[Data excerpt]
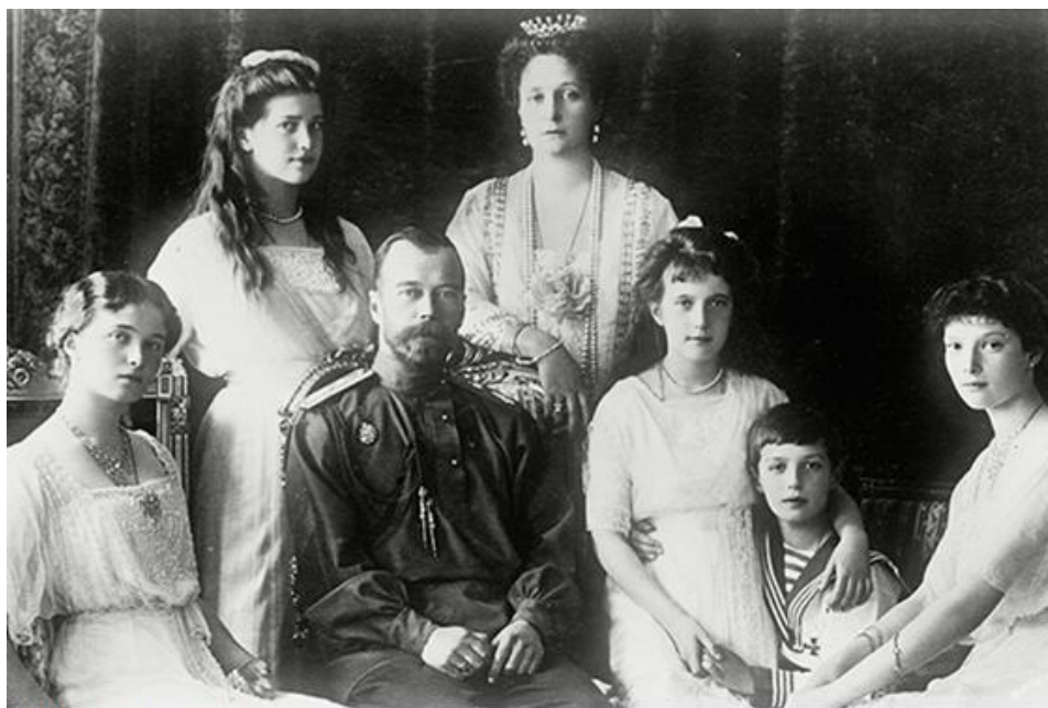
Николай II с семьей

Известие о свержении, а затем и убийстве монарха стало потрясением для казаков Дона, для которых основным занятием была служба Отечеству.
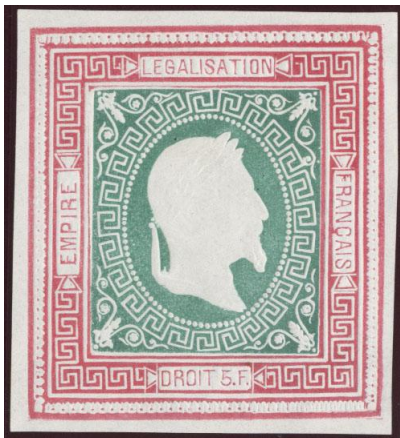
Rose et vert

[Work to complete] Reproduce the data exactly, please, and omit its pictures.

[Solution to the exercise]
Николай II с семьей

Известие о свержении, а затем и убийстве монарха стало потрясением для казаков Дона, для которых основным занятием была служба Отечеству.
Rose et vert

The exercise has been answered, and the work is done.